How to Increase Your Team Trust:
- Be Authentic. Being authentic will allow you to cultivate more genuine relationships with other members of your team. Say only what you mean. Admit your fears and mistakes. Be sincere in your passions and interests. Get to know your team in a more meaningful way. One practical way to do this is to kick off your next meeting with a nonwork-related question to get teammates to open up to one another. (Good rule of thumb – the leader goes first! You set the tone for the rest of the group to feel safe in sharing meaningful experiences.)
- Be Empathetic. To be empathetic takes time and energy. This can be challenging when we are leading busy work lives with multiple competing demands. The next time you have an opportunity to engage with your team but find yourself rushing to check off items on your to-do list instead, try to remind yourself to pause. Put away those distractions. Truly listen. Consider the perspectives of others and connect with them.
- Be Reliable. While cultivating authenticity and empathy is paramount in building trust, it is also futile without follow-through. To build and maintain your team’s trust, you must show up on time, be prepared, consistently deliver quality work, and have enough expertise to further the team’s objectives. Doing these things consistently is critical to building trust on your team.
While it’s important to be on a team with people you enjoy and trust, you need to be clear on why you’re gathered there in the first place. Without a shared purpose, teams lack clear direction and may spend time, energy and resources going down the wrong path. This can be frustrating and demotivating to team members.
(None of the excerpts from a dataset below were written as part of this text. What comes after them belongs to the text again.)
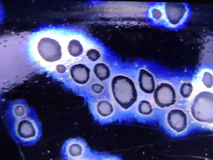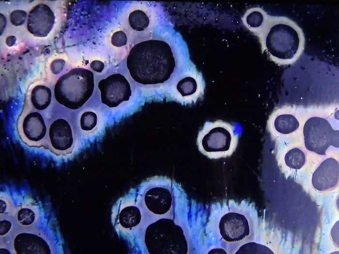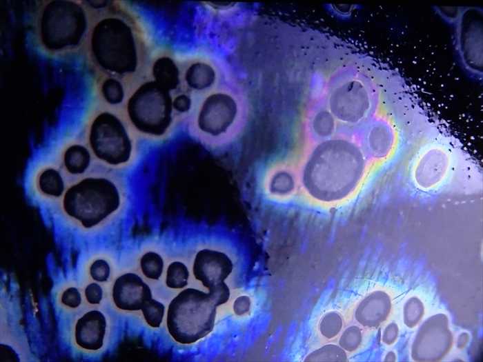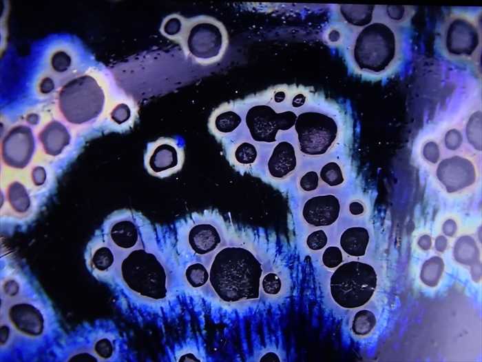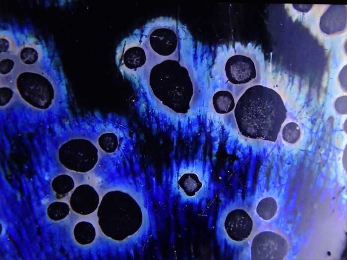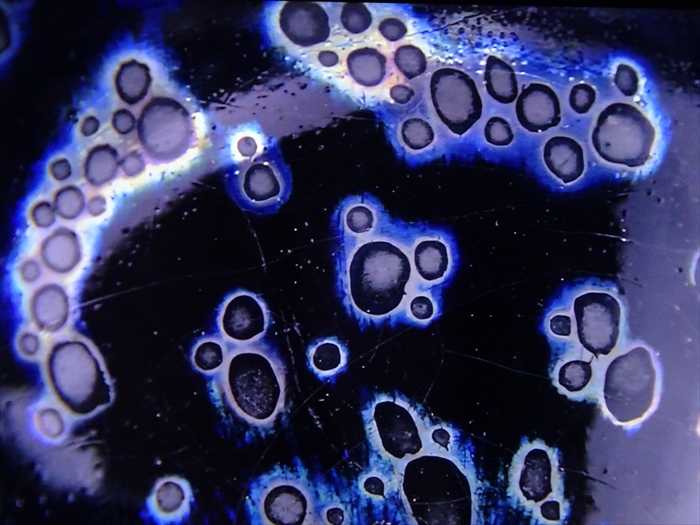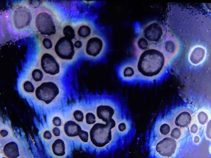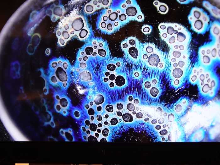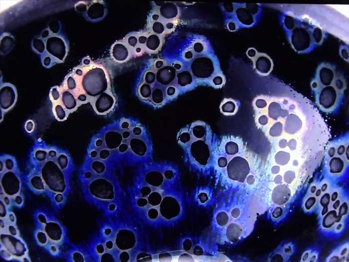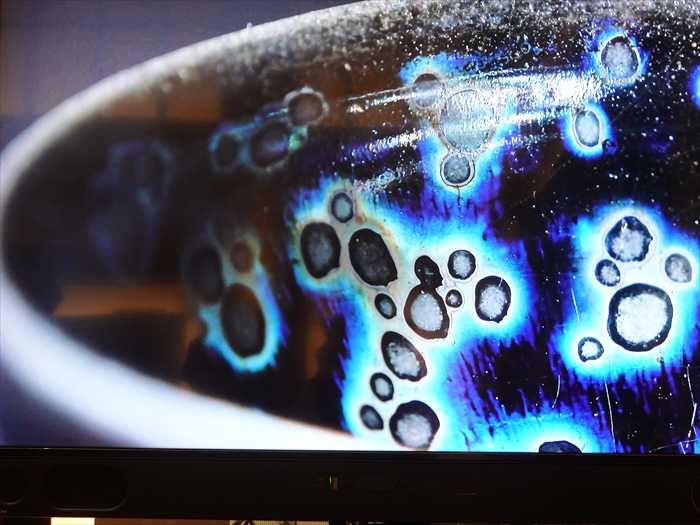 黒釉の掛かる碗の内面に大小の斑文が浮かび、青く輝く光彩が現れたものをいう。
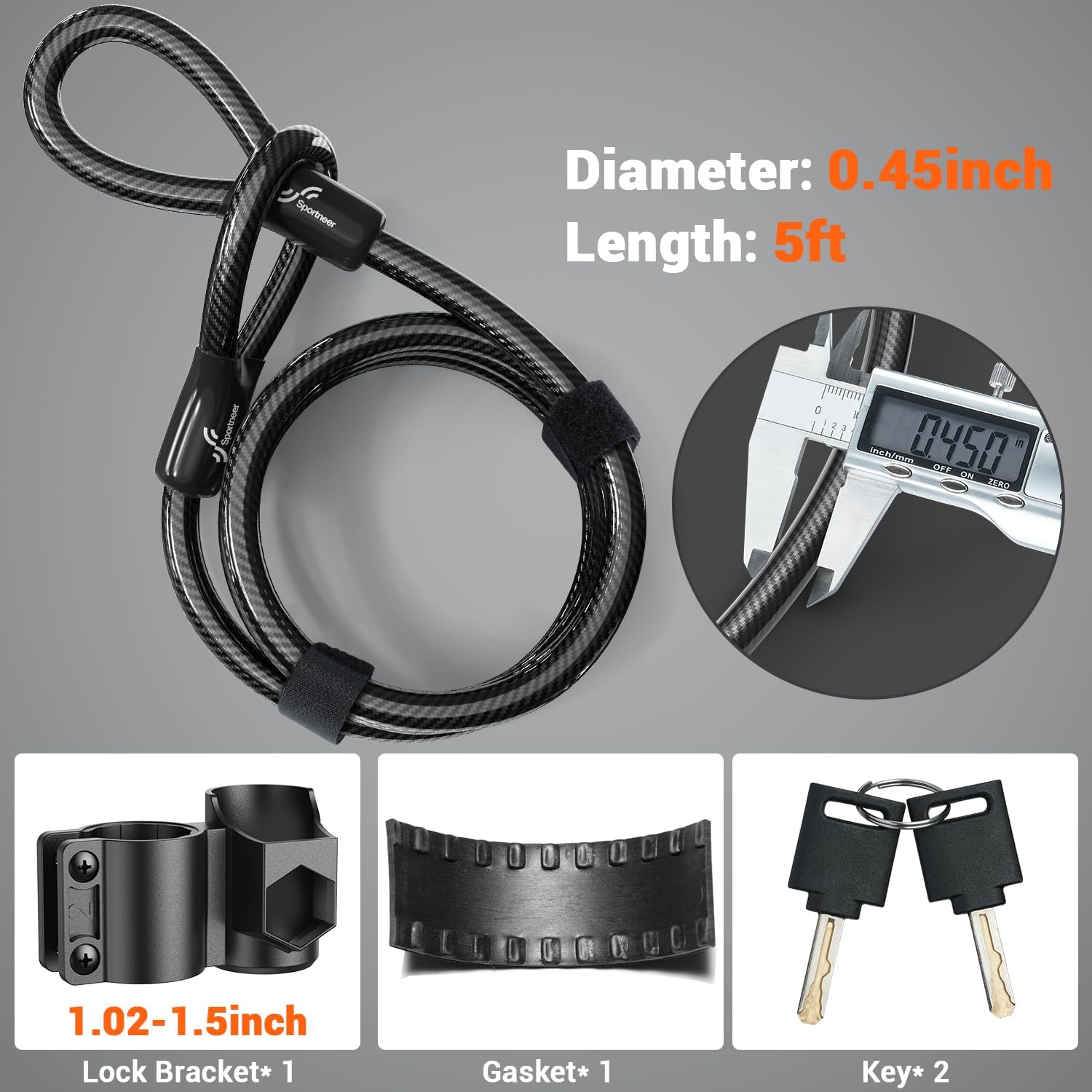 - Erstaunliche zusätzliche 5 FT Kabel:Ebenfalls im Lieferumfang enthalten ist ein doppelt geschlungenes Stahlkabel mit einer Dicke von 0,43 Zoll (einschliesslich PVC-Überzug). Sie können das Kabel verwenden, um den Rahmen, Ihren Helm, die Räder oder
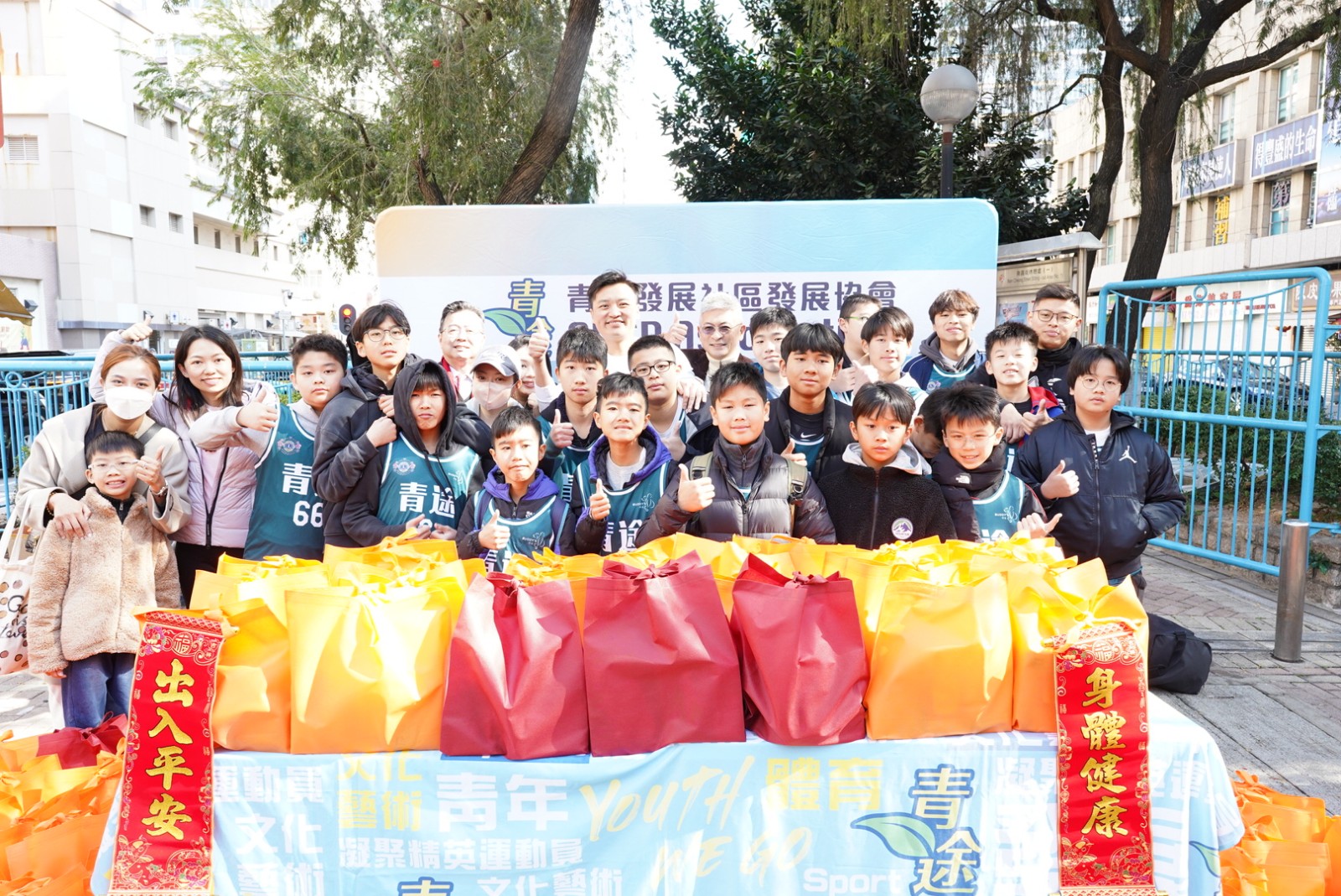 青途發展社區發展協會今日(8日)發起「新春愛心送暖行動」。青途主席鄭泳舜聯同文化體育及旅遊局副局長劉震、立法會議員劉智鵬及青途執委會成員、香港運動員、青年、家長、西九龍家長聯會等地區友好網絡,組成近100人義工隊前往深水埗探訪120戶獨居人士及低收入家庭。

How to Clarify Your Shared Purpose:
- Examine Your “Why.” It is often shocking to recognize how many teams are formed without a clear reason for why they exist. Because of this reality, it is imperative that you take a step back and ensure that there is a meaningful purpose for your team. What is your team’s vision for the future? Do all team members understand that and how they fit into it?
- Clarify Your Objectives. Once you obtain joint agreement on what your end goal is, you must then agree as a team on how you will get there. Having alignment on team objectives allows everyone to move in the same direction toward achieving those goals. Your team’s objectives should be clear and actionable, while also relating directly to your shared purpose. For example, if your team’s purpose is to explore options for entering a new strategic market, you might set objectives to: collect current market data; align key, organizational stakeholders; and scenario plan for multiple outcomes. Whatever those objectives for your team are, it is critical that all team members are aligned and committed to achieving them.
We all know the saying “communication is key,” and our data indicates that this continues to be true, especially for leadership teams within the construction industry.
How to Improve Your Team Communication:
- Communicate Face-To-Face. When 93% of our communication is communicated through nonverbal means (i.e., tone and body language)1, we lose a lot when we don’t communicate face-to-face. While modern communication methods (e.g., email, text, call and Skype) are undoubtedly convenient, they may be derailing team effectiveness. Too many assumptions can be made when we lose the ability to read our team members’ body language. For this reason, set a goal to meet face-to-face at regular intervals, whether weekly, monthly or quarterly. When face-to-face isn’t an option, incorporating video provides another way to connect beyond a phone call.
- Involve Each Team Member. As you consider your team dynamics, do one or two people consistently dominate the conversation? Do some team members rarely speak up at all? To fully utilize all team members’ expertise, each person should feel comfortable and encouraged to weigh-in and provide an opinion or idea. As a team leader, look for opportunities to call on individuals whoi. may not have had the opportunity to speak or have their opinions voiced during the meeting.
Trust. Purpose. Communication. These are the hallmarks of a high-functioning team. Do you know where your team is strong or still needs work? Test out one of these suggestions to improve your team’s trust, clarity of purpose or communication.
1 Mehrabian, Albert. Silent messages. Vol. 8. Belmont, CA: Wadsworth, 1971.